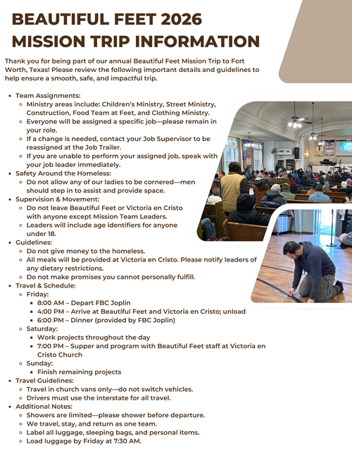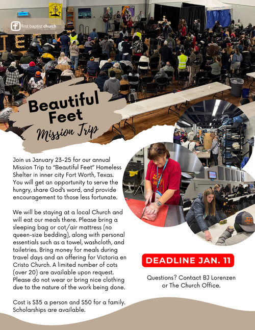 Our 2026 Beautiful Feet Mission Trip to Fort Worth, TX, will be January 23-25. The cost is $35 per person, or $50 per family.
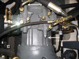 斷開回轉(zhuǎn)馬達制動油口,如下圖。在斷開的油管上接一測口,在斷開的馬達接頭處接堵頭。
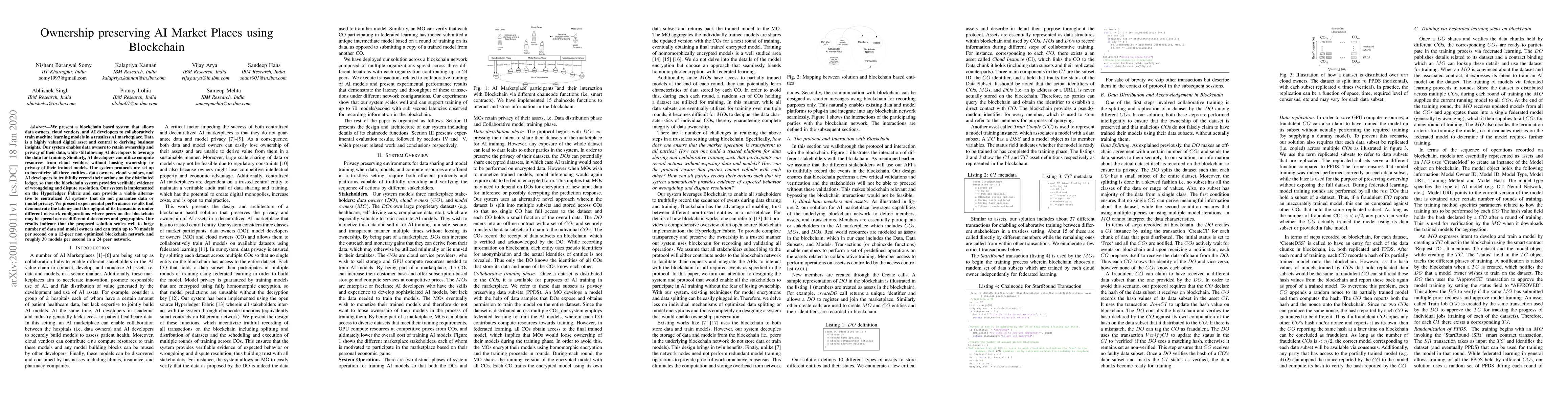 This research introduces a blockchain-based system for a trustless AI marketplace that allows data owners, cloud vendors, and AI developers to collaboratively train models while preserving data and model ownership and privacy. Experimental results show scalability, with the system capable of training up to 70 models per second on a 12-peer network.
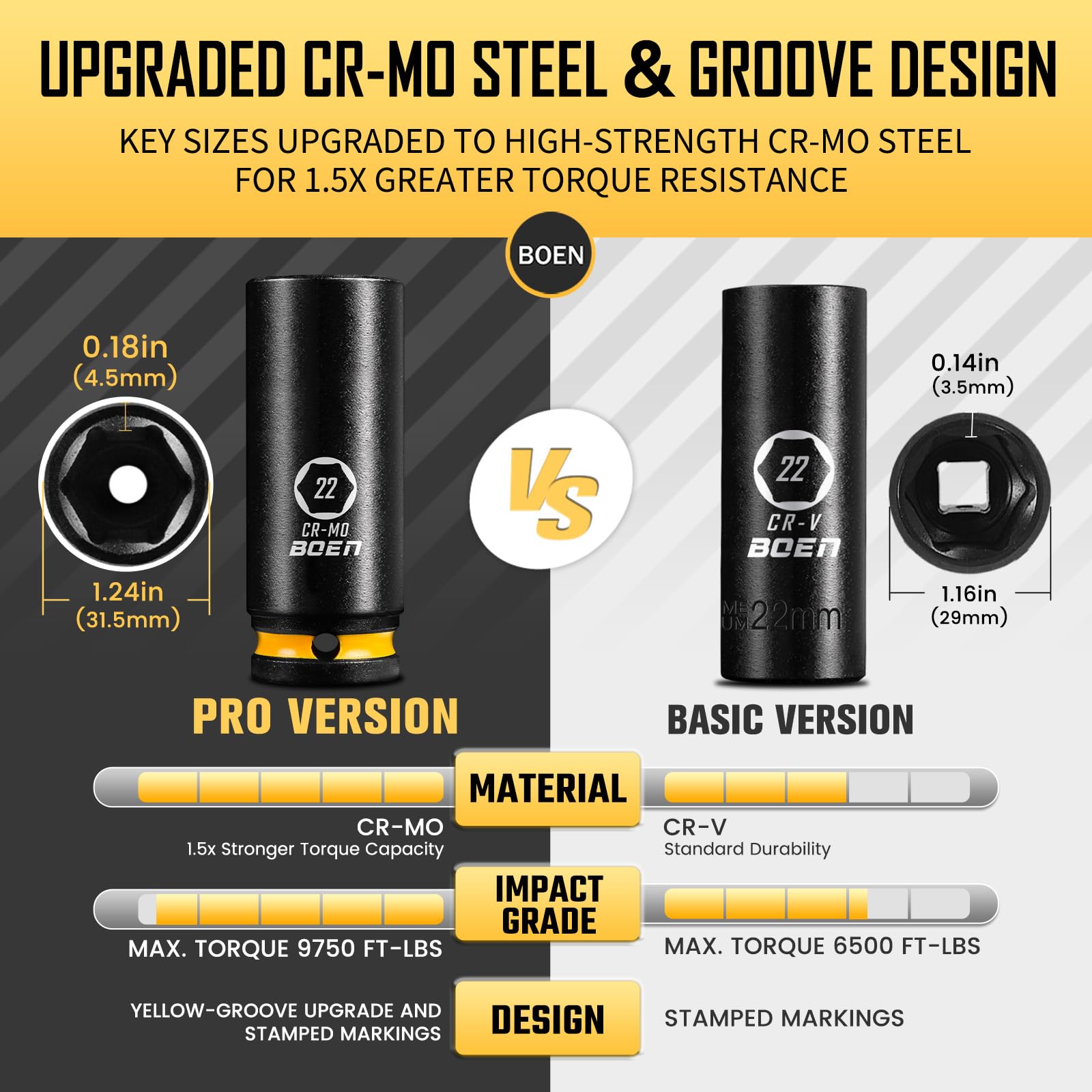 - KEY SIZES UPGRADED CR-MO STEEL: In response to BOEN users’ real-world experience. BOEN 1/2 inch METRIC impact socket set upgraded the most commonly used metric sizes (19mm, 20mm, 21mm, 22mm, 23mm, 24mm) to CR-MO steel to meet the high demands of professional use. These key sizes now offer 1.5x greater torque resistance and improved performance in high-torque applications, featuring yellow grooves for easy identification. The rest of the sizes are constructed with heat-treated forged CR-V steel, ensuring high hardness and durability for general use across a variety of tasks—Enhancing performance to deliver premium quality for BOEN users.
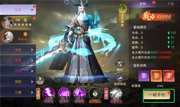 神将进阶将提升攻击、防御、生命、破甲等属性,且神将升级到指定等级可以解锁新技能。
^^^^^^^^^^^^^^^^
* _Aim of the task_: The pictures in the listing above are to be dropped, and everything else reproduced exactly.

* _Task answer_:
 Our 2026 Beautiful Feet Mission Trip to Fort Worth, TX, will be January 23-25. The cost is $35 per person, or $50 per family.
 斷開回轉(zhuǎn)馬達制動油口,如下圖。在斷開的油管上接一測口,在斷開的馬達接頭處接堵頭。
 This research introduces a blockchain-based system for a trustless AI marketplace that allows data owners, cloud vendors, and AI developers to collaboratively train models while preserving data and model ownership and privacy. Experimental results show scalability, with the system capable of training up to 70 models per second on a 12-peer network.
 - KEY SIZES UPGRADED CR-MO STEEL: In response to BOEN users’ real-world experience. BOEN 1/2 inch METRIC impact socket set upgraded the most commonly used metric sizes (19mm, 20mm, 21mm, 22mm, 23mm, 24mm) to CR-MO steel to meet the high demands of professional use. These key sizes now offer 1.5x greater torque resistance and improved performance in high-torque applications, featuring yellow grooves for easy identification. The rest of the sizes are constructed with heat-treated forged CR-V steel, ensuring high hardness and durability for general use across a variety of tasks—Enhancing performance to deliver premium quality for BOEN users.
 神将进阶将提升攻击、防御、生命、破甲等属性,且神将升级到指定等级可以解锁新技能。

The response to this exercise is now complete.